The demand for housing and thus construction workers isn't going down any time soon; the Netherlands alone needs to build a million homes in the next decade and are running behind on that. Brick walls is just one task of many in a construction project, just like your JIRA or Github ticket is just one task of many in a software project.

bouk•1y ago
Prefab stone strips are used here and there but most brick facades are still built by hand on-site.

There's a huge shortage of workers, which is why we're working on this.

pjmlp•1y ago
Cooking and serving at tables also won't be an excape route, given that there are already kitchen and waitresses robots.

We are really going into a dystopian world, unless there is some event that disrupts the roadmap to drive everyone into unemployment, besides a few elite folks that get to profit from the robots.

The generations to come will have much more to worry about than climate, also note how all the ongoing wars, geopolitcs change back to cold war days, and AI race has made everyone forget about the planet.

Forcing us to use paper straws and wood cuttlery won't save us.

charcircuit•1y ago
My first guess would be that this early return is always happening after entering the bugged state. The one cleanup task could get stuck or not cleanup after itself properly.

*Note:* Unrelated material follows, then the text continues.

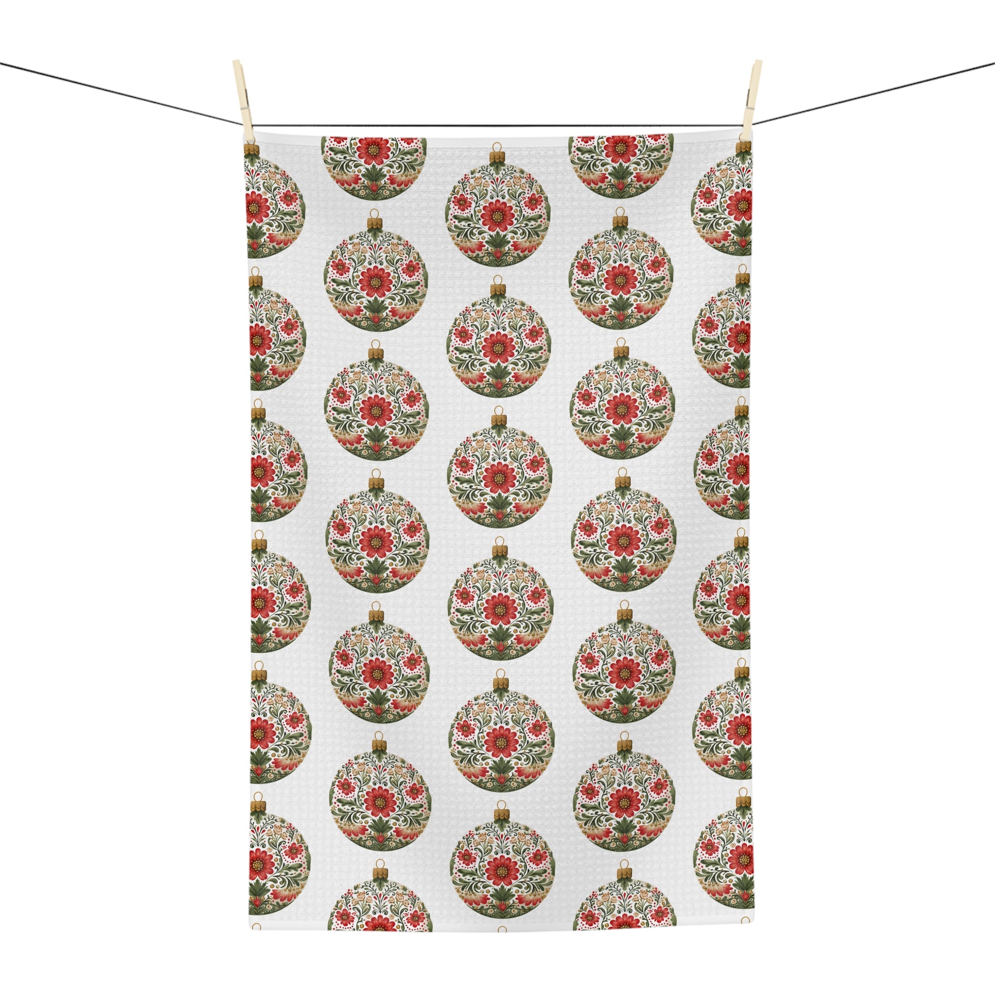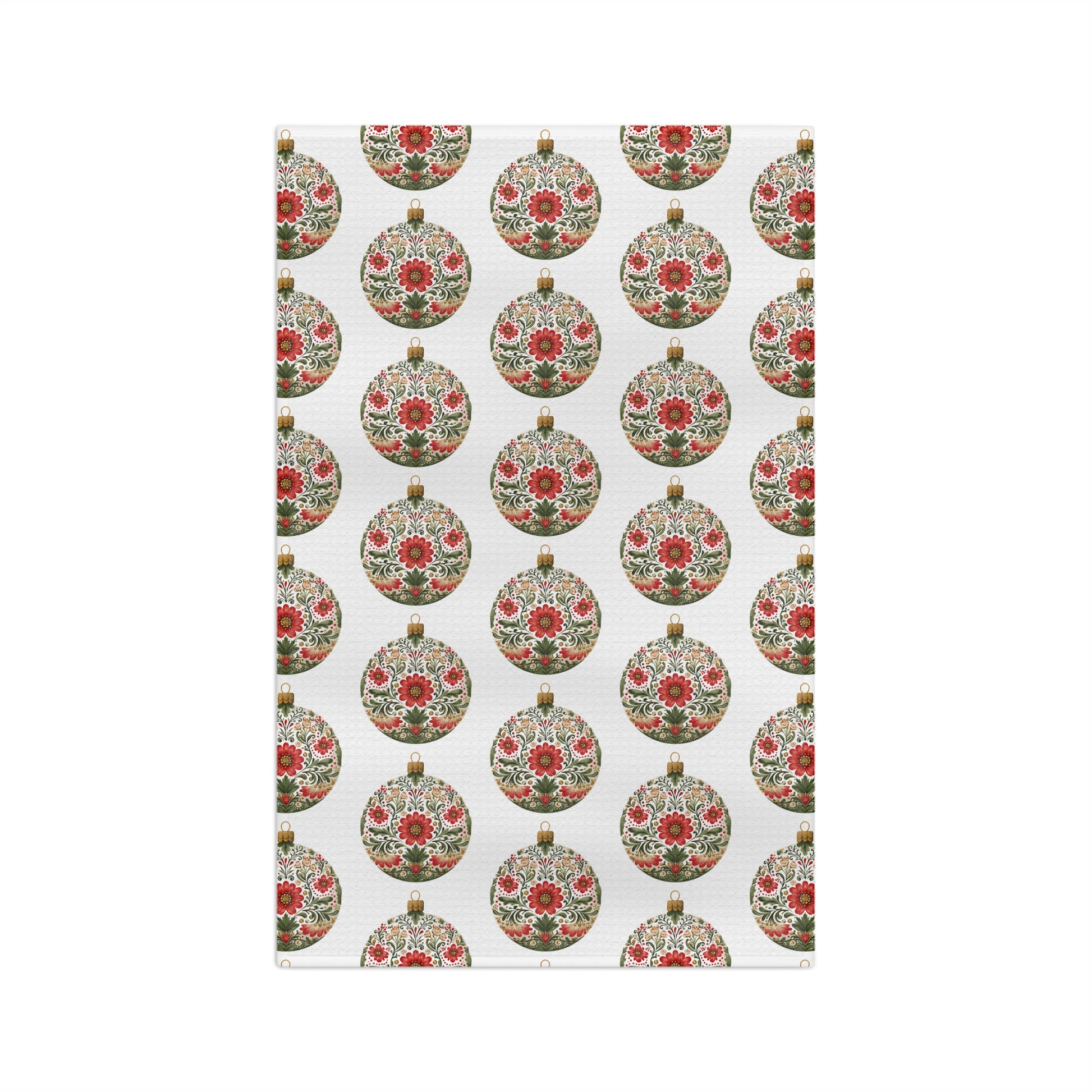 A lightweight, quick-drying microfiber tea towel printed with a repeating vintage ornament motif in warm reds and greens. The fine split fibers make it highly absorbent and fast to dry, while hemmed edges keep the towel looking tidy through repeated use. Use it to wipe hands, dry dishes, line a bread basket, or fold over an apron for a pop of seasonal charm.

    // Only one cleanup task is posted at a time.
    if (!HasDirtyJSFinalizationRegistries() || is_finalization_registry_cleanup_task_posted_) {
      return;
    }
https://source.chromium.org/chromium/chromium/src/+/main:v8/...
bouk•1y ago
Ah this makes a lot of sense, perhaps the posted flag doesn't get reset e.g. if this branch gets followed: https://source.chromium.org/chromium/chromium/src/+/main:v8/...
syg•1y ago
Yeah this is the bug. My bad, will fix.
donatj•1y ago
Hey! I too just filed my first Chromium bug[1]! They changed a behavior that broke opening new windows with tabs, and thus broke my advanced tab search extension Tabasco[2].

I was frankly impressed by the experience. They had me create a minimal extension illustrating the issue and were very quickly able automate a bisection that found its root, a security fix somewhat bluntly resolved. They've supposedly fixed the issue in an upcoming release I await with bated breath.

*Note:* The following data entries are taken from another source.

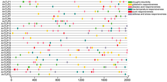 Distribution of the predicted cis-acting elements that were involved in abiotic stress response and hormone response in the promoter region of the AnTLP genes in A. nanus. Different color blocks represent different types of cis-acting elements. The position of the cis-acting element in the promoter region can be estimated by the scale at the bottom.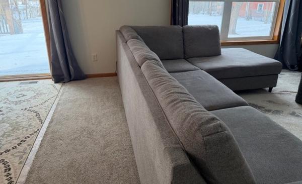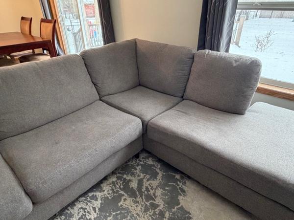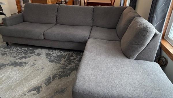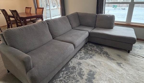 Spacious gray sectional couch in great condition. Very comfortable and perfect for living rooms, family rooms, or basements. Neutral gray color matches easily with any décor. Condition: ? Very good condition ? Clean, no tears, light stain ? Smoke-free and pet-free home Details: Sectional sofa (L-shaped) Color: Gray Seats multiple people comfortably Sturdy frame and supportive cushions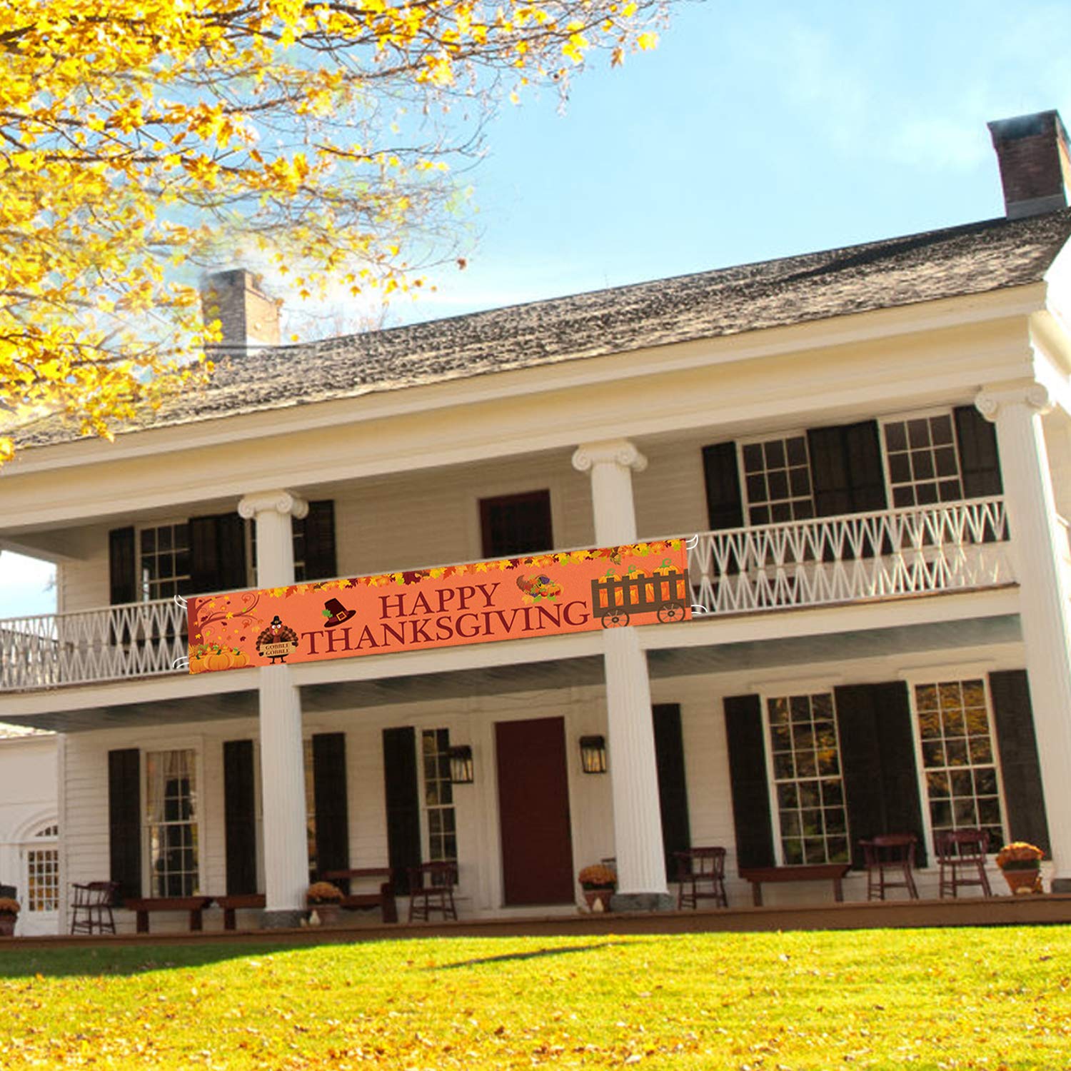 - HAPPY THANKSGIVING BANNER -- Wish your loved ones and friends a Happy Thanksgiving with this "happy thanksgiving" banner. An excellent banner will bring the real fun and unforgettable memory at you Thanksgiving party. Perfect for any Thanksgiving theme parties, home party, Christmas, fall party and other any indoor and outdoor occasions.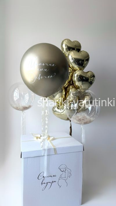 - коробка сюрприз 70см с надписью и бантом, внутри золотой гендер шар;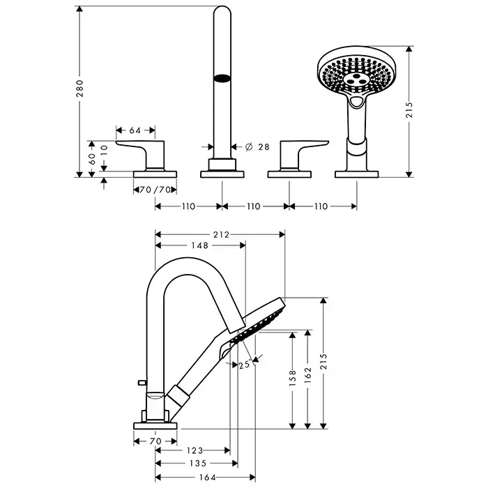 Axor Citterio M Смеситель на борт ванны, на 4 отв., с ручным душем, цвет: полированное золото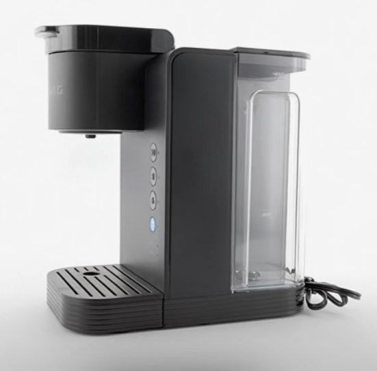 a black coffee maker with a plastic container

- [1] https://issues.chromium.org/issues/405283740

- [2] https://chromewebstore.google.com/detail/tabasco-advanced-ta...

tester756•1y ago
>FinalizationRegistry

>Avoid where possible

>Correct use of FinalizationRegistry takes careful thought, and it's best avoided if possible. It's also important to avoid relying on any specific behaviors not guaranteed by the specification. When, how, and whether garbage collection occurs is down to the implementation of any given JavaScript engine. Any behavior you observe in one engine may be different in another engine, in another version of the same engine, or even in a slightly different situation with the same version of the same engine. Garbage collection is a hard problem that JavaScript engine implementers are constantly refining and improving their solutions to.

Kinda tricky API

ketanhwr•1y ago
> A conforming JavaScript implementation, even one that does garbage collection, is not required to call cleanup callbacks.

Really looking forward to the "Explicit Resource Management" proposal[0] that sounds like a much better idea really.

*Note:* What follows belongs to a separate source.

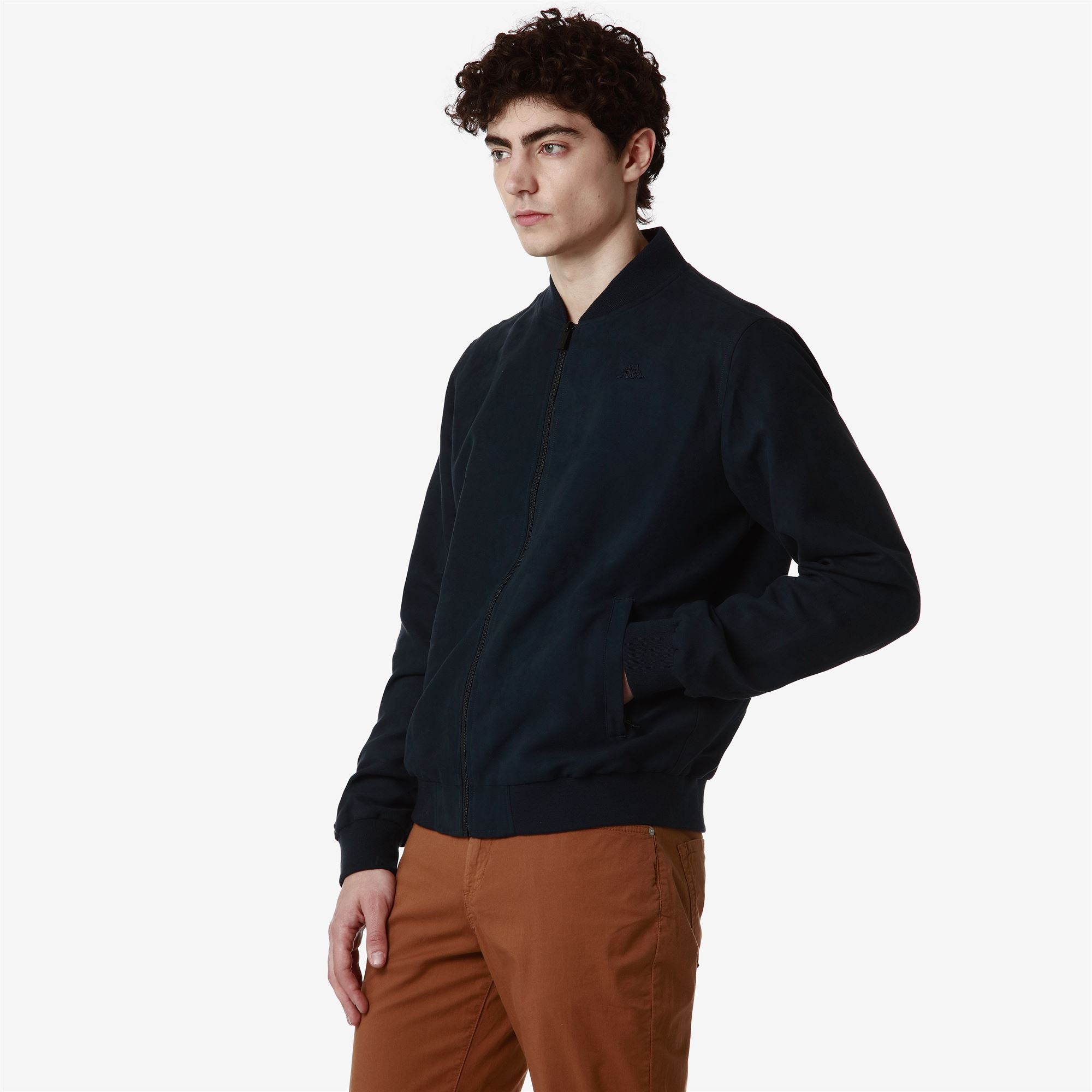 CLASSICO. Giacca corta, in simil suede. Foderata. Bordo fondo e polsi in costina. Logo omini gommato.
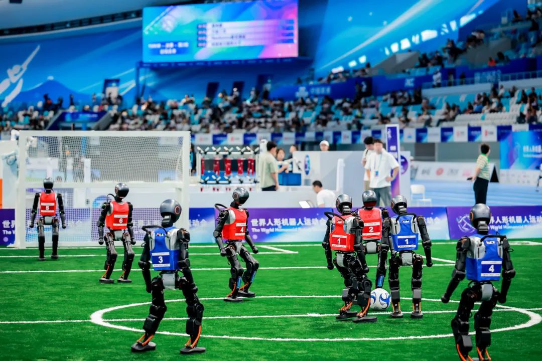 在绿茵场上,全球首创的全自主5V5足球赛激战正酣。1米出头的机器人身着红色或蓝色球衣,分别扮演着守门员、中锋或前锋的角色,排开不同阵型。过人、长传、射门……10名机器人球员在没有任何人工操作下激烈对抗。

[0]: https://github.com/tc39/proposal-explicit-resource-managemen...

panstromek•1y ago
Hm.. I would honestly try to avoid relying on finalization mechanism of a garbage collector like this. It sounds brittle from the start. Even without the bug, I can imagine you can get into a situation where some unused JS object holds a reference to a giant thing in wasm memory, but engine doesn't run the GC, because it technically doesn't know that, it only sees the little pointer object which seems small.

I think WASM had historically had some problem with freeing memory, so I'd probably rather rely on some pooling or arena with explicit memory size limit (for the whole allocated wasm memory).